Pages from Carver Trade PDFCarver: A Paris Story
Written and Illustrated by Chris Hunt
Preface by Paul Pope
Published by Z2 Comics
ISBN: 9781940878096 | Price $14.99
Release date: September 20, 2016

Over the past few years, a few genres have saturated the comicbook market. Zombies are finally starting to transition out of the spotlight, and plenty of other genres sit in the wings waiting to take over the helm of dominance. We see mafia, western, and outer space focused comics in abundance, but no other genre has burgeoned more than one that has lived extensively since the years after World War II–film noir.

Taking its signature visual style from German Expressionism, film noir introduced the masses to the femme fatale and a sense of cool served up with desperation and bleakness that conjure up dread and disdain for society, and today, the genre has its tentacles reaching everything.

Don’t get me wrong; the pervasiveness of film noir is not necessarily a bad thing. I adore the noir genre. Some of my favorite films of all time have the noir label, and I am happy to see people take a stab at the archetypes of the form. But, with the experimentation and progress that can be made from a surge in the genre comes distilled or poorly hybridized versions that only have the flavor, not the heart, of the original. Sadly, Chris Hunt’s Carver is a perfect study of one of these almost-but-not-quite-there noirs.

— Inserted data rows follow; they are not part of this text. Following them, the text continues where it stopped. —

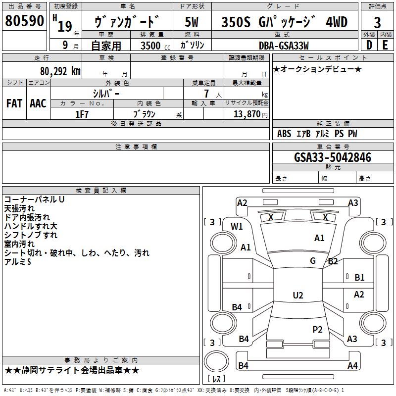 TOYOTA VANGUARD 350S G PACKAGE 4WD - лот 80590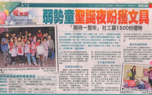 【蘋果日報】弱勢童聖誕業盼獲文具
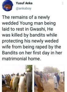 A young man was reportedly killed by suspected bandits in Zamfara while trying to stop the gunmen from raping his newly wedded wife on their wedding night.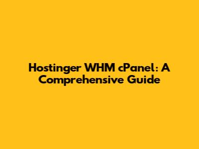 Hostinger WHM cPanel: A Comprehensive Guide

Carver is not a pure noir; it is a mix between noir and the 1970s and early 1980s action films of Martin Scorsese, Walter Hill, and John Flynn, giving it a style not too far from Jean Pierre-Melville’s Le Samouraï or L’armée des ombres, which is only appropriate, since the first volume takes place in Paris. With such mighty influences, one could only hope that Hunt could flourish with his tale of Francis Carver, the American who lost far more than his cushy life path as a fine artist, but alas, Carver as a novel fails to give its characters, plot, and world enough breathing room because it packs in too many homages to its inspirations, creating a story that erratically (and frustratingly) runs from one motif to another as if each were some checkpoint in a race to the finish line.

Francis Carver is on a mission; a former love has summoned him to return to Paris, taking him on a far departure from his post-Marine life that we as the audience do not know much about but quickly get the sense is one that is grim and involves seeing the world while having to deliver violence and protection. In Paris, people recognize Carver as a hero, a man who survived capture from German troops against all odds, but Carver sees himself as a killer and a man whose experiences in war prevent him from ever integrating into society again. Disillusioned war veteran–check!

Upon his arrival to Paris, Carver quickly finds out that his former love did not send for him: a hooded man by the name of Stacker Lee did. We meet Stacker at the opening of the series, and immediately we expect he will emerge as a villain, but there’s something too perfect, too formulaic about Stacker, including his Southern gothic villain name and his dandy-esque suit, and as a result, immediately, you know that Stacker will be a part of some twist to the story. Slick and ambiguously moral villain–check!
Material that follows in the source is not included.